The interrogator removed the blindfold and told me I was not supposed to give a confession under duress and that I had the right to consult with a lawyer. Then he phoned a lawyer for me and allowed me to speak to him. The lawyer told not to worry and to stick to my position. The interrogator left the room during the phone call which lasted for about two minutes.
 
Then the interrogator told me I had the right to remain silent and asked me whether I threw stones at soldiers. I told him I did not. Then he pulled out the T-Shirt and the boots they took from my bedroom and told me he had the evidence. Still, I denied the accusation. Then he told me I took part in clashes with soldiers in the village on 15 September 2019. The interrogator was clam and told me he was going to send me to Ofer prison. He also told me he was going to bring me back for another interrogation if I did not confess then and told me it was better for me to confess rather than be brought back to the police station.
 
I was interrogated for about an hour. In the end he asked me to sign on my statement which was written in Arabic and I signed it after I read it. Then I was taken back to the military base where the soldiers picked up another detainee and then I was taken to Ofer prison. At Ofer I was strip searched before being taken to section 13. 
 
The following day I had a military court hearing. My parents did not attend because they were not informed. A lawyer was there and the court extended my detention.
 
I had about 15 military court hearings. During this time I was interrogated three times. I was not informed of my rights and did not speak to any lawyers. I was questioned about the same thing for about 30 minutes each time and I continued to deny the accusation. 
 
At my last hearing, which was on 25 March 2020, I was sentenced in a plea bargain to four months in prison and fined NIS 2,000. I also received a suspended sentence of six months valid for three years. This was based on photographic identification. My lawyer advised me to accept the plea bargain and told me the prison sentence would be longer if I rejected it. I also accepted it because it meant I would be released soon.
 
I spent my whole prison sentence at Ofer prison.

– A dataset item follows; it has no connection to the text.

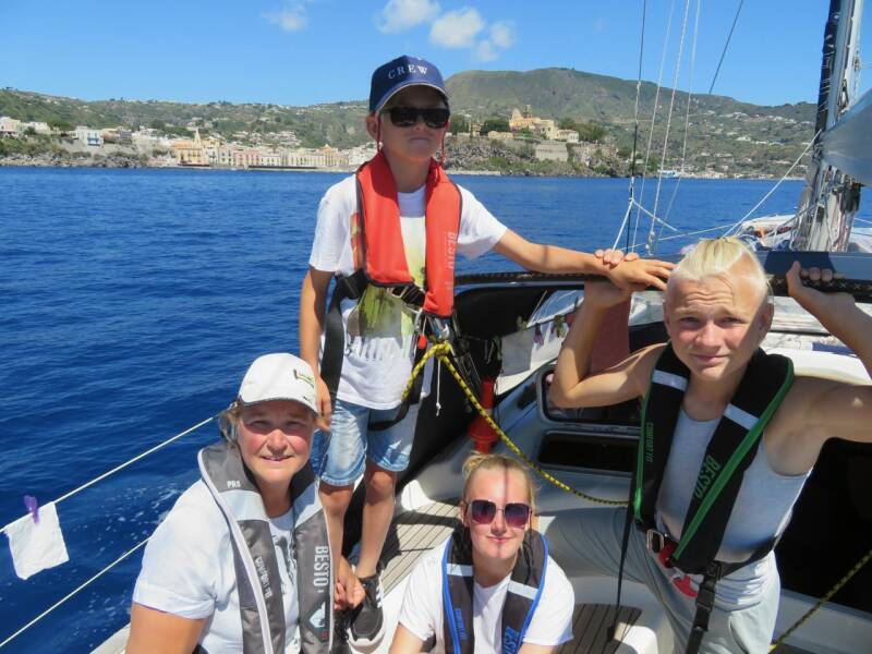 De weg terug van de dieselpomp in Lipari naar Vulcano zeilen we bij zwakke wind. Lekker rustig tochtje.

My parents did not visit me because they were not issued a visiting permit in time. Then all family visits were banned because of the Corina Virus. 
 
I was supposed to be granted early release but the court that decides on early releases was not functioning. Instead, I was released on 8 April 2020. I were dropped off near a Palestinian checkpoint and a Palestinian ambulance took me to a hotel in Ramallah where I had to self-quarantine. I spent a few days at the hotel and then I was allowed to self-quarantine in a separate room at home.